◆ ACTION ITEM: No pictures go into the copy. Write out exactly the lines below from the one containing "2月15日,中國選手蘇翊鳴在" through the one containing "Cyklop 10 –".

◆ EXCERPTED DATA:
--
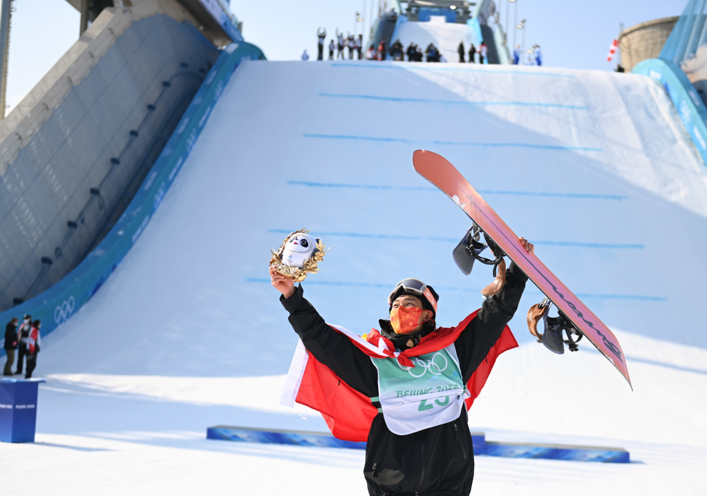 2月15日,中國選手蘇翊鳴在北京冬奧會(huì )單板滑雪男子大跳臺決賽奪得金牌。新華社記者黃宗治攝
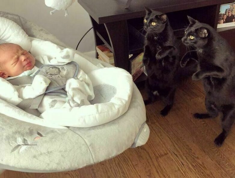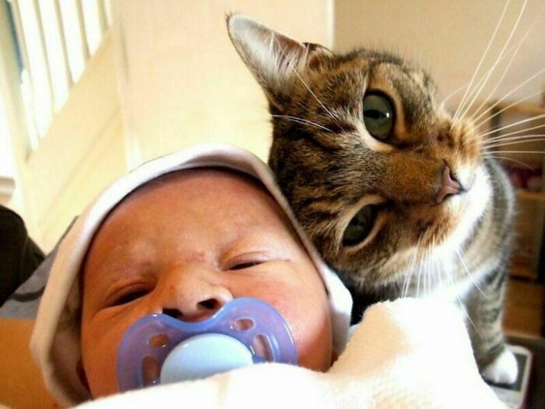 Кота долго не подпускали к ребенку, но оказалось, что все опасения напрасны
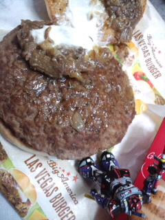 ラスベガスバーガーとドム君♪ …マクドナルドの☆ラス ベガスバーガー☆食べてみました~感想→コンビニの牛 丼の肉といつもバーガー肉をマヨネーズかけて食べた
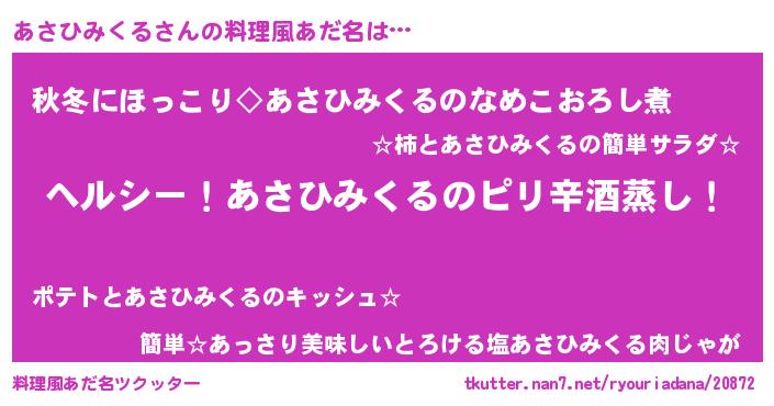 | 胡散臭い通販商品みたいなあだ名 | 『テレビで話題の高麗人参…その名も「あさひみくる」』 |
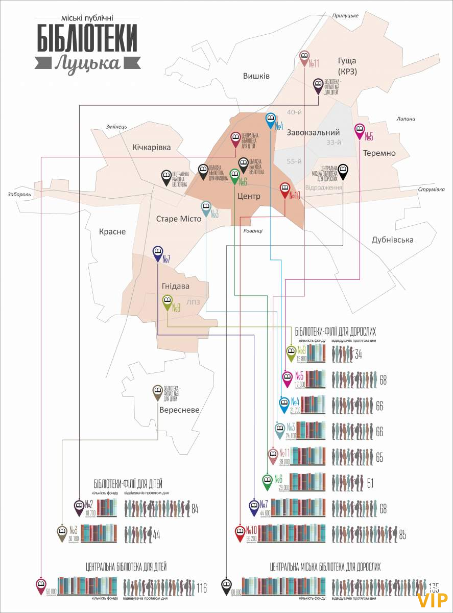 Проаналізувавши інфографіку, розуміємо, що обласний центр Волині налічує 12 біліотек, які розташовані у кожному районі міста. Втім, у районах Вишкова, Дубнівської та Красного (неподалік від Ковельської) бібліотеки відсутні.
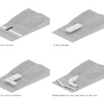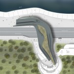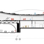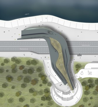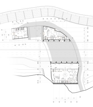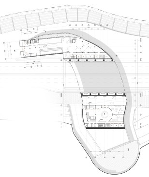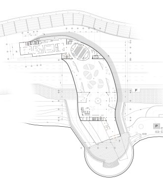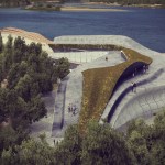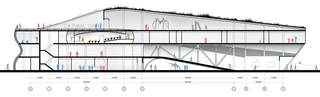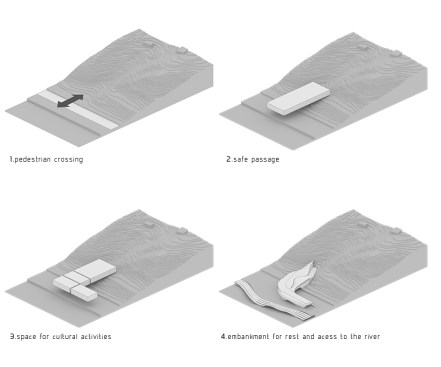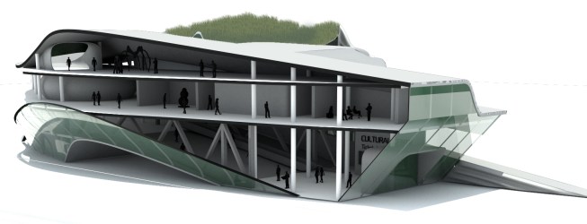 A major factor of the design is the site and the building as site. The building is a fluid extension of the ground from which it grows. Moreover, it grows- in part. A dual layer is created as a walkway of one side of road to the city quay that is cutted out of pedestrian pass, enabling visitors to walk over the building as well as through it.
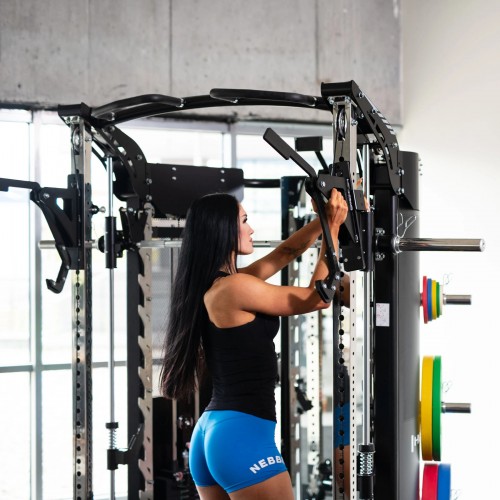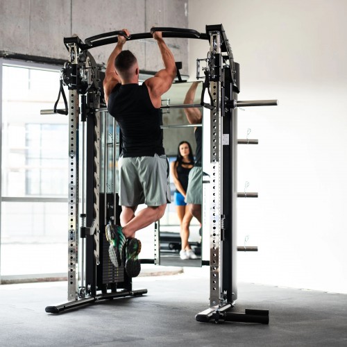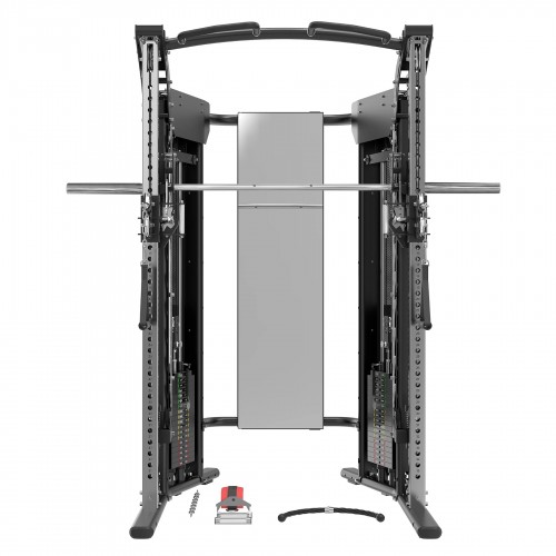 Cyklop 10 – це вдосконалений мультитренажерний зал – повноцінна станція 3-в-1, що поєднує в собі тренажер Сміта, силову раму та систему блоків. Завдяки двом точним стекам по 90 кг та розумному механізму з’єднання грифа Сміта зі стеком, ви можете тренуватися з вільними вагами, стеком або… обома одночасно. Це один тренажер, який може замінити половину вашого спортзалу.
--
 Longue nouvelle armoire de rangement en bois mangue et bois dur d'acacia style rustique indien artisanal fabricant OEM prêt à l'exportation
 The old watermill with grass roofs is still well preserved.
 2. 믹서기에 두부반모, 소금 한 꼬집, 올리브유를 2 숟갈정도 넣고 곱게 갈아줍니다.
--
◆ EXERCISE SOLUTION:
 2月15日,中國選手蘇翊鳴在北京冬奧會(huì )單板滑雪男子大跳臺決賽奪得金牌。新華社記者黃宗治攝
 Кота долго не подпускали к ребенку, но оказалось, что все опасения напрасны
 ラスベガスバーガーとドム君♪ …マクドナルドの☆ラス ベガスバーガー☆食べてみました~感想→コンビニの牛 丼の肉といつもバーガー肉をマヨネーズかけて食べた
 | 胡散臭い通販商品みたいなあだ名 | 『テレビで話題の高麗人参…その名も「あさひみくる」』 |
 Проаналізувавши інфографіку, розуміємо, що обласний центр Волині налічує 12 біліотек, які розташовані у кожному районі міста. Втім, у районах Вишкова, Дубнівської та Красного (неподалік від Ковельської) бібліотеки відсутні.
 A major factor of the design is the site and the building as site. The building is a fluid extension of the ground from which it grows. Moreover, it grows- in part. A dual layer is created as a walkway of one side of road to the city quay that is cutted out of pedestrian pass, enabling visitors to walk over the building as well as through it.
 Cyklop 10 – це вдосконалений мультитренажерний зал – повноцінна станція 3-в-1, що поєднує в собі тренажер Сміта, силову раму та систему блоків. Завдяки двом точним стекам по 90 кг та розумному механізму з’єднання грифа Сміта зі стеком, ви можете тренуватися з вільними вагами, стеком або… обома одночасно. Це один тренажер, який може замінити половину вашого спортзалу.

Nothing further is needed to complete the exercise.